Without changing a word, copy every line of the listing below and leave out the images.

*** Begin section ***

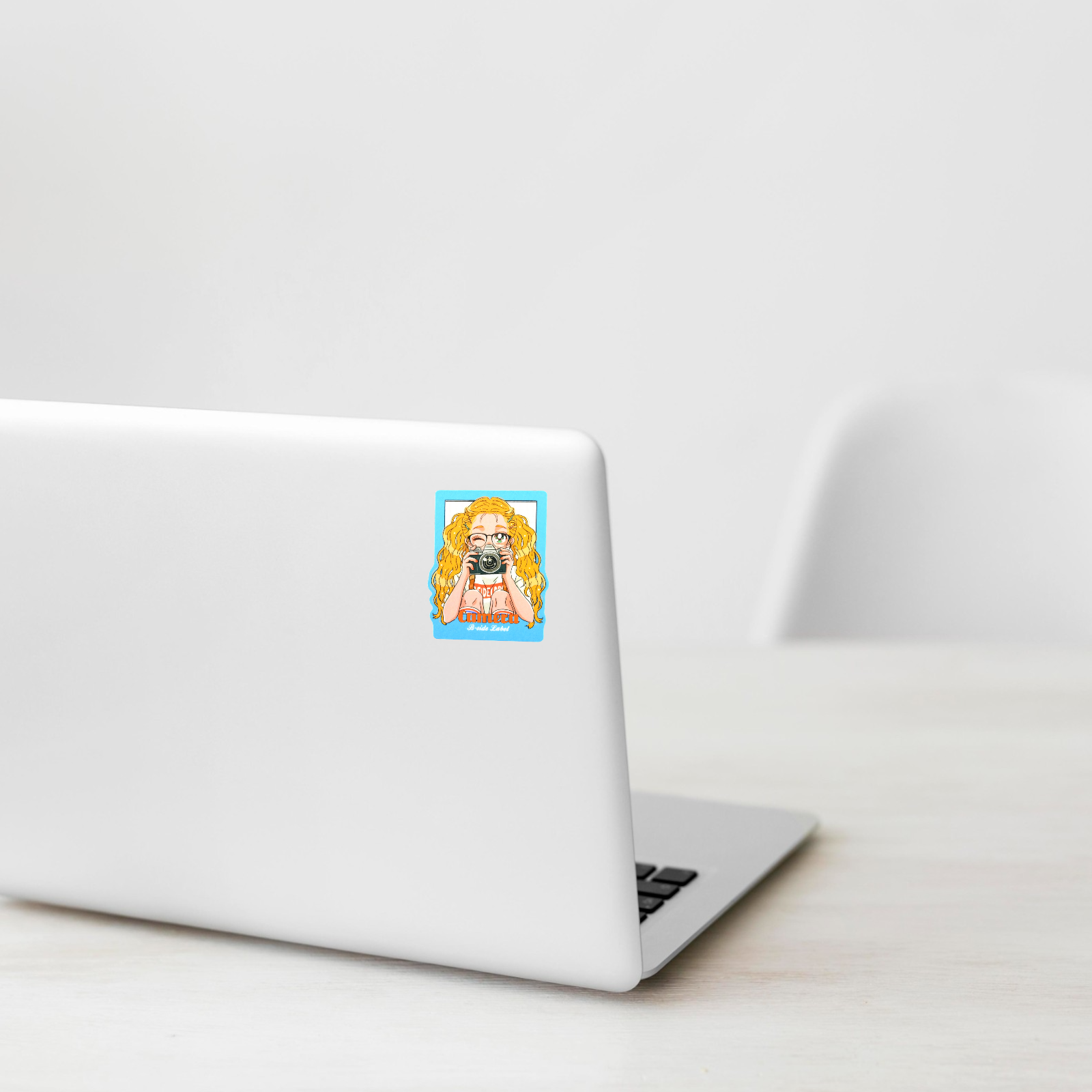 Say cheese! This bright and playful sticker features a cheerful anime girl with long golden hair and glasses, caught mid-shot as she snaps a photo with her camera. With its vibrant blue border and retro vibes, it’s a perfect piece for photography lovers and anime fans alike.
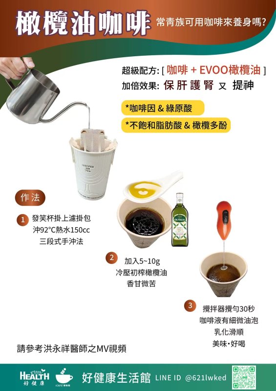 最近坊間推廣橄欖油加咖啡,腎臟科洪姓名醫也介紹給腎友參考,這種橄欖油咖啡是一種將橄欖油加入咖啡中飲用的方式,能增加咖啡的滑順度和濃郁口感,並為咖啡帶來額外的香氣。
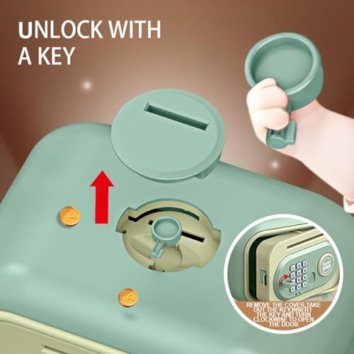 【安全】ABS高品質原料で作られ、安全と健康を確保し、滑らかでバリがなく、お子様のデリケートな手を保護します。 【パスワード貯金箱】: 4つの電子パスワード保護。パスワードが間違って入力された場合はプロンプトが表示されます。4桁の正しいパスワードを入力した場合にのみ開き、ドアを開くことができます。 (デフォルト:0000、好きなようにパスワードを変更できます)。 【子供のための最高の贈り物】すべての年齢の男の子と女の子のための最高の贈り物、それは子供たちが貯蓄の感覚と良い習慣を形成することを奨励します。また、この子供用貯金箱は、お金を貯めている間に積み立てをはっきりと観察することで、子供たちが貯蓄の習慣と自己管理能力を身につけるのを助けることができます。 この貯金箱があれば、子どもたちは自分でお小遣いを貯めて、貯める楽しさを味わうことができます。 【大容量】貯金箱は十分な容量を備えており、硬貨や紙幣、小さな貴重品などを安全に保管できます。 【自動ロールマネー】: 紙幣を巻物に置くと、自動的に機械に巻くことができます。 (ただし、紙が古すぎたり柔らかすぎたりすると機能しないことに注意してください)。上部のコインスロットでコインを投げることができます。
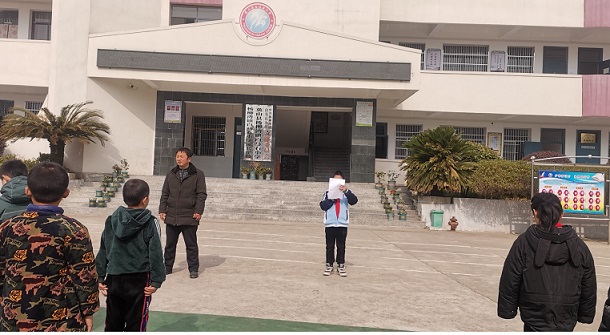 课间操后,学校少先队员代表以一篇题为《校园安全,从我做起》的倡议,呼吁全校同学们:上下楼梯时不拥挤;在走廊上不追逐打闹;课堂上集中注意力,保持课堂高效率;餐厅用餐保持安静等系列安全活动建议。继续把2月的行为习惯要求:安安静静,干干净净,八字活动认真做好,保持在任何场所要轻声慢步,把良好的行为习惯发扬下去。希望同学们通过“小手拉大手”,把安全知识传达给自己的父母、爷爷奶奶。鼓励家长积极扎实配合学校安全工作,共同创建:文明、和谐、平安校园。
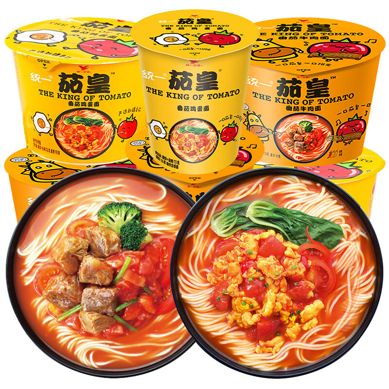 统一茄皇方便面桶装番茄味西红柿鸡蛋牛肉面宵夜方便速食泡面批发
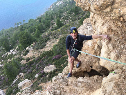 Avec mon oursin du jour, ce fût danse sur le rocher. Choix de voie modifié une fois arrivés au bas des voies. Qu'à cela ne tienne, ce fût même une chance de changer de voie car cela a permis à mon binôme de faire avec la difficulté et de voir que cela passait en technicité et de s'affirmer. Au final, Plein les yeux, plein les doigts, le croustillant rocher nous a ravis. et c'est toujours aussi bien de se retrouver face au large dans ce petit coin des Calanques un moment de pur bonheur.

*** End section ***

» Final answer:
 Say cheese! This bright and playful sticker features a cheerful anime girl with long golden hair and glasses, caught mid-shot as she snaps a photo with her camera. With its vibrant blue border and retro vibes, it’s a perfect piece for photography lovers and anime fans alike.
 最近坊間推廣橄欖油加咖啡,腎臟科洪姓名醫也介紹給腎友參考,這種橄欖油咖啡是一種將橄欖油加入咖啡中飲用的方式,能增加咖啡的滑順度和濃郁口感,並為咖啡帶來額外的香氣。
 【安全】ABS高品質原料で作られ、安全と健康を確保し、滑らかでバリがなく、お子様のデリケートな手を保護します。 【パスワード貯金箱】: 4つの電子パスワード保護。パスワードが間違って入力された場合はプロンプトが表示されます。4桁の正しいパスワードを入力した場合にのみ開き、ドアを開くことができます。 (デフォルト:0000、好きなようにパスワードを変更できます)。 【子供のための最高の贈り物】すべての年齢の男の子と女の子のための最高の贈り物、それは子供たちが貯蓄の感覚と良い習慣を形成することを奨励します。また、この子供用貯金箱は、お金を貯めている間に積み立てをはっきりと観察することで、子供たちが貯蓄の習慣と自己管理能力を身につけるのを助けることができます。 この貯金箱があれば、子どもたちは自分でお小遣いを貯めて、貯める楽しさを味わうことができます。 【大容量】貯金箱は十分な容量を備えており、硬貨や紙幣、小さな貴重品などを安全に保管できます。 【自動ロールマネー】: 紙幣を巻物に置くと、自動的に機械に巻くことができます。 (ただし、紙が古すぎたり柔らかすぎたりすると機能しないことに注意してください)。上部のコインスロットでコインを投げることができます。
 课间操后,学校少先队员代表以一篇题为《校园安全,从我做起》的倡议,呼吁全校同学们:上下楼梯时不拥挤;在走廊上不追逐打闹;课堂上集中注意力,保持课堂高效率;餐厅用餐保持安静等系列安全活动建议。继续把2月的行为习惯要求:安安静静,干干净净,八字活动认真做好,保持在任何场所要轻声慢步,把良好的行为习惯发扬下去。希望同学们通过“小手拉大手”,把安全知识传达给自己的父母、爷爷奶奶。鼓励家长积极扎实配合学校安全工作,共同创建:文明、和谐、平安校园。
 统一茄皇方便面桶装番茄味西红柿鸡蛋牛肉面宵夜方便速食泡面批发
 Avec mon oursin du jour, ce fût danse sur le rocher. Choix de voie modifié une fois arrivés au bas des voies. Qu'à cela ne tienne, ce fût même une chance de changer de voie car cela a permis à mon binôme de faire avec la difficulté et de voir que cela passait en technicité et de s'affirmer. Au final, Plein les yeux, plein les doigts, le croustillant rocher nous a ravis. et c'est toujours aussi bien de se retrouver face au large dans ce petit coin des Calanques un moment de pur bonheur.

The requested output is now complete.